GitHub Search Sabotaged: Malware Hidden in Popular Repositories
In the ever-evolving landscape of cybersecurity, a new threat has emerged, cleverly exploiting GitHub’s vast open-source ecosystem. Cybercriminals, demonstrating both ingenuity and malice, have initiated a campaign that manipulates GitHub’s search functionality to distribute malware through repositories masquerading as legitimate projects. This report, brought to light by the vigilant analysis of Checkmarx, underscores the sophisticated tactics these threat actors employ to ensnare unsuspecting developers.
Image: Checkmarx
The essence of this scheme lies in the abuse of GitHub’s search features. Attackers create repositories with appealing names and topics, mimicking popular games, tools, or software, thereby attracting their victims. But the deceit doesn’t end there; through automated updates and the strategic addition of fake stars, these malicious repositories gain undue visibility, tricking users into believing in their authenticity and popularity.
Employing GitHub Actions, the attackers incessantly update these repositories, a facade of activity that significantly boosts their search rankings. These updates, often as trivial as altering a log file, prey on the platform’s algorithms, pushing the repositories to the forefront of search results.
To compound the illusion, attackers deploy fake accounts to star these repositories, fabricating a sense of community endorsement and trustworthiness. This manipulation, albeit more modest in its execution compared to past incidents, effectively amplifies the repositories’ visibility, ensnaring more victims under its guise.
Within these repositories lurks the true danger: malware cleverly concealed within Visual Studio project files (.csproj or .vcxproj). This obfuscation ensures the automatic execution of malicious code upon the building of the project.
Image: Checkmarx
The malware operates by embedding a script in a pre-build event, which then executes a concoction of batch and VBScript files, ultimately running a PowerShell script designed to perform various malicious activities, including downloading and executing further malware based on the victim’s geography. Remarkably, this campaign even tailors its payload to avoid targets in Russia, a nuance that adds another layer of complexity to the threat.

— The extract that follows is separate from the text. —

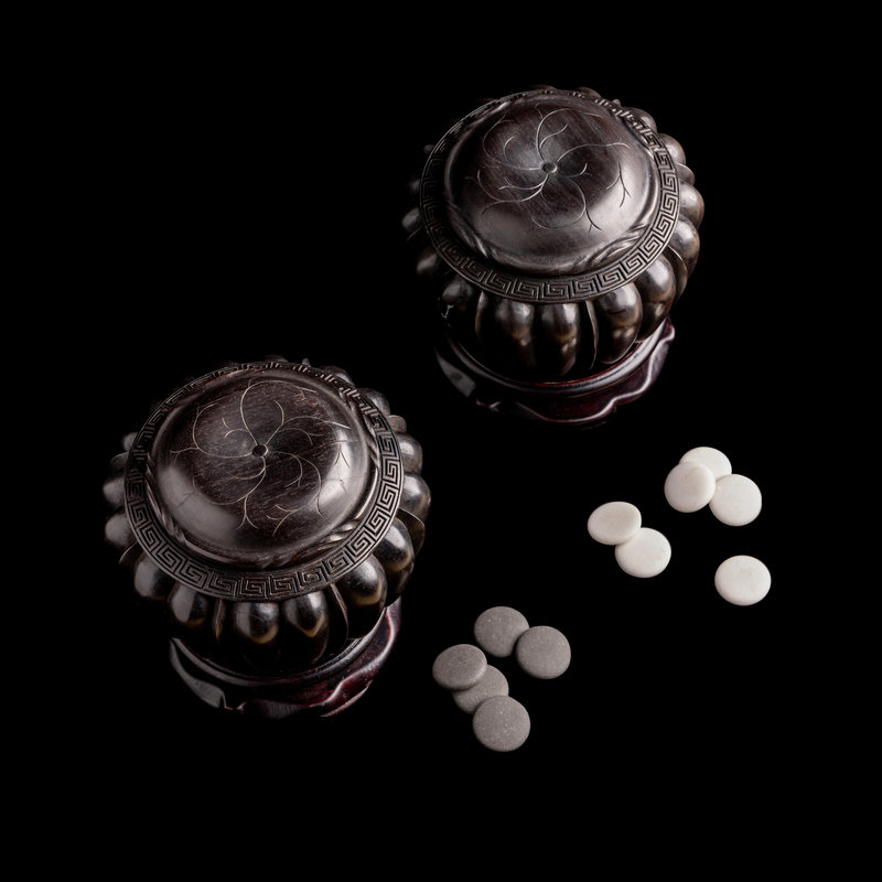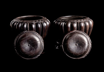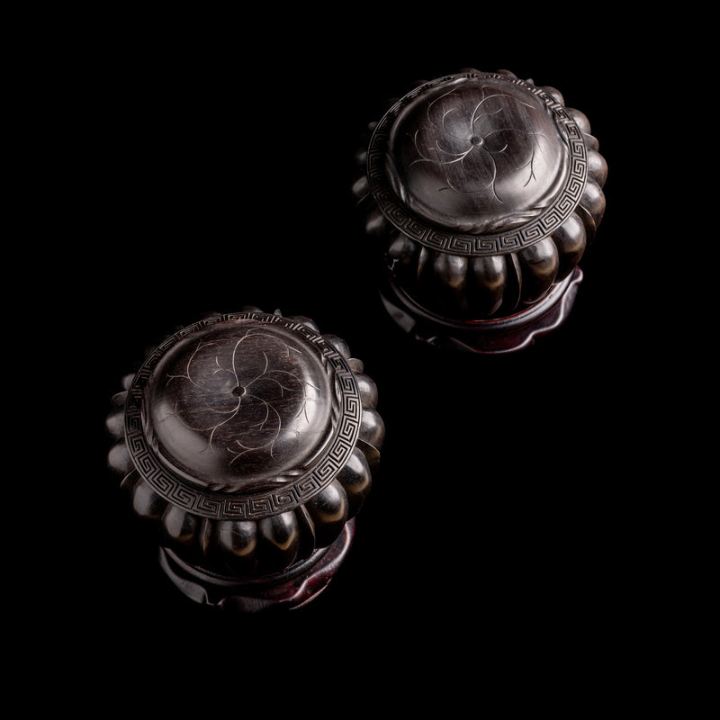 each of bulbous form with rounded lobed walls, the mouth encircled with a keyfret border, and surmounted by petalloid covers encasing game pieces, hardwood stands.
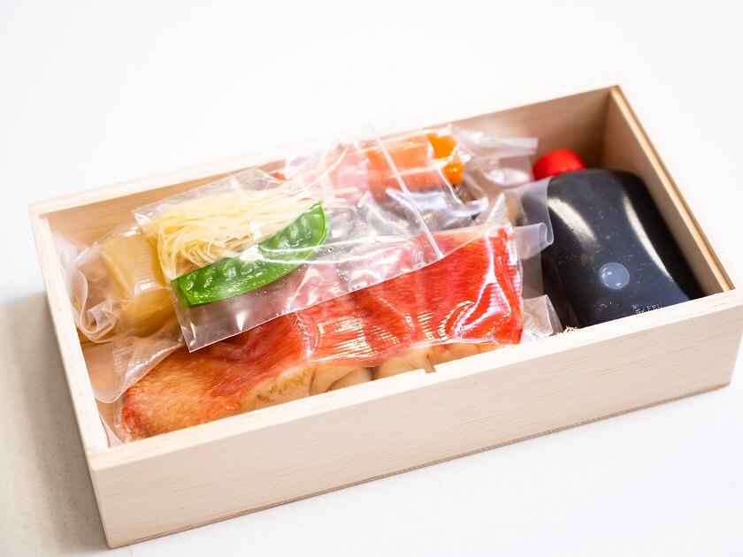 新しい調理工程は、まず粗熱をとった金目鯛、野菜をそれぞれ煮汁から取り出します。当店では、翌日のランチで提供する分はふた付きの密封容器に入れ、テイクアウト用は真空パックします。煮汁に漬けたままだと、素材の色味が損なわれ、味が入り過ぎてしまうので、手早く取り分けるのがポイントです。お召し上がりになる際には、鍋に移して温める、もしくは耐熱容器に移して電子レンジで加熱してください。この「温めなおす」という仕上げ工程ひとつで、丹念に煮上げられた「金目鯛の煮付け」を高い回転率が求められるランチメニューとしても提供できるため、ピークタイム対応に奮闘する飲食店にとって心強い味方になるはずです。

As of April 3rd, the campaign remains active, with the attackers updating their methods to distribute a new form of malware disguised within a bloated executable, designed to evade detection by exceeding the file size limits of many security solutions. This evolution of tactics signifies the attackers’ adaptability and persistence.
The success of this malicious campaign is, unfortunately, evident, with numerous users reporting issues after unknowingly engaging with these repositories. This scenario underscores the critical need for awareness and caution among developers and users alike.